- Assignment: What is needed is a faithful transcription of all the data below, pictures excluded.

- Data for this task:
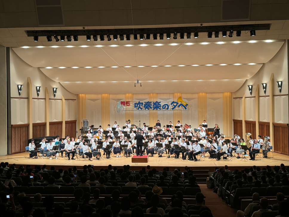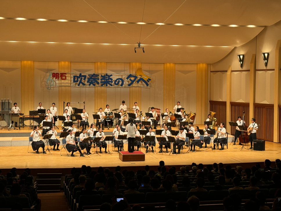 当連盟は、明石の教育・文化の発展を目的に昭和48年に設立され、市内中学校、高等学校吹奏楽部(音楽部)、小学生と一般の吹奏楽団、計34団体が加盟しています。明石吹奏楽の夕べ(明石市芸術祭、8月)、明石市吹奏楽祭(10月)、アンサンブルコンテスト(12月)、ふれあいコンサート、楽器クリニックなど年間を通じて活動しています。
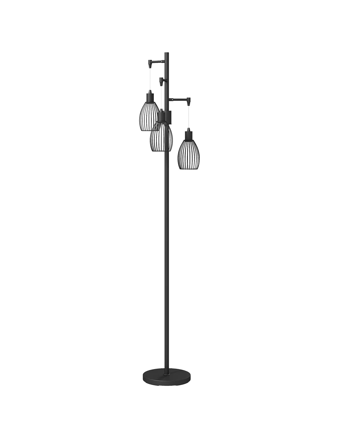 HOMCOM 3-Light LED Floor Lamp, 170cm Industrial Dimmable Standing Lamp with Steel Wire Cage Lampshades, 2700K for Living Room, Bedroom, Dining Room, Study, Black
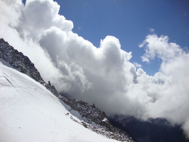 The weather was perfect, although there were lots of clouds at the top which kept us from seeing Mt. Blanc. Still, it was a balmy 32 degrees on top. On the way up, several people in the car had bulky backpacks with them. Turns out, these were folks into para-gliding, a sport which involves unfurling a large kite and just stepping off the side of the mountain and riding the thermals coming up from the valleys. Looks like fun! Other groups were hiking all over the glaciers. Apparently there is an annual race from Mt. Blanc to Zermatt, some 70 miles away. The good ones take about 24 hours for the trek. It would take me about 24 days…….
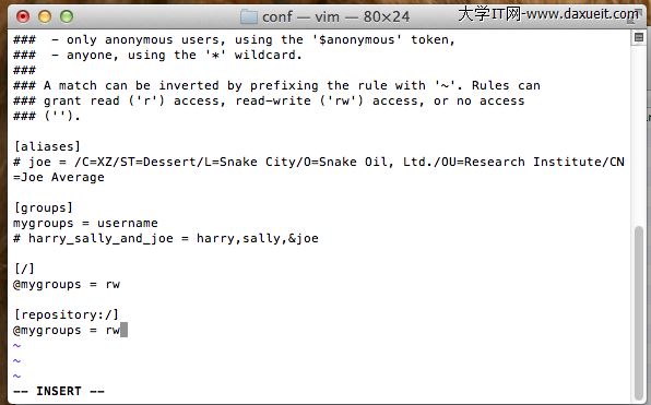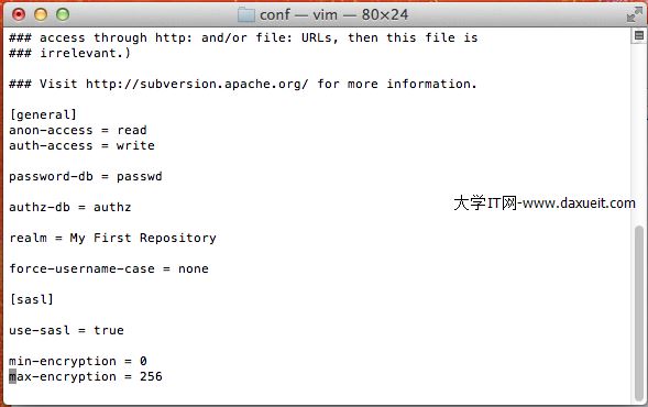 (4)配置svnserve.conf文件,把帶一個#的臨時注釋去掉即可:
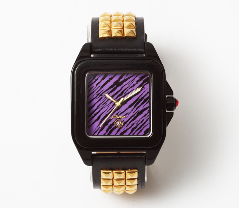 バンドに打ち込まれたゴールドのスタッズがロックな雰囲気を醸し出す。赤く輝くリューズのジルコニア・クリスタルがアクセント。Scandal Gold ¥14,700

- Response area:
 当連盟は、明石の教育・文化の発展を目的に昭和48年に設立され、市内中学校、高等学校吹奏楽部(音楽部)、小学生と一般の吹奏楽団、計34団体が加盟しています。明石吹奏楽の夕べ(明石市芸術祭、8月)、明石市吹奏楽祭(10月)、アンサンブルコンテスト(12月)、ふれあいコンサート、楽器クリニックなど年間を通じて活動しています。
 HOMCOM 3-Light LED Floor Lamp, 170cm Industrial Dimmable Standing Lamp with Steel Wire Cage Lampshades, 2700K for Living Room, Bedroom, Dining Room, Study, Black
 The weather was perfect, although there were lots of clouds at the top which kept us from seeing Mt. Blanc. Still, it was a balmy 32 degrees on top. On the way up, several people in the car had bulky backpacks with them. Turns out, these were folks into para-gliding, a sport which involves unfurling a large kite and just stepping off the side of the mountain and riding the thermals coming up from the valleys. Looks like fun! Other groups were hiking all over the glaciers. Apparently there is an annual race from Mt. Blanc to Zermatt, some 70 miles away. The good ones take about 24 hours for the trek. It would take me about 24 days…….
 (4)配置svnserve.conf文件,把帶一個#的臨時注釋去掉即可:
 バンドに打ち込まれたゴールドのスタッズがロックな雰囲気を醸し出す。赤く輝くリューズのジルコニア・クリスタルがアクセント。Scandal Gold ¥14,700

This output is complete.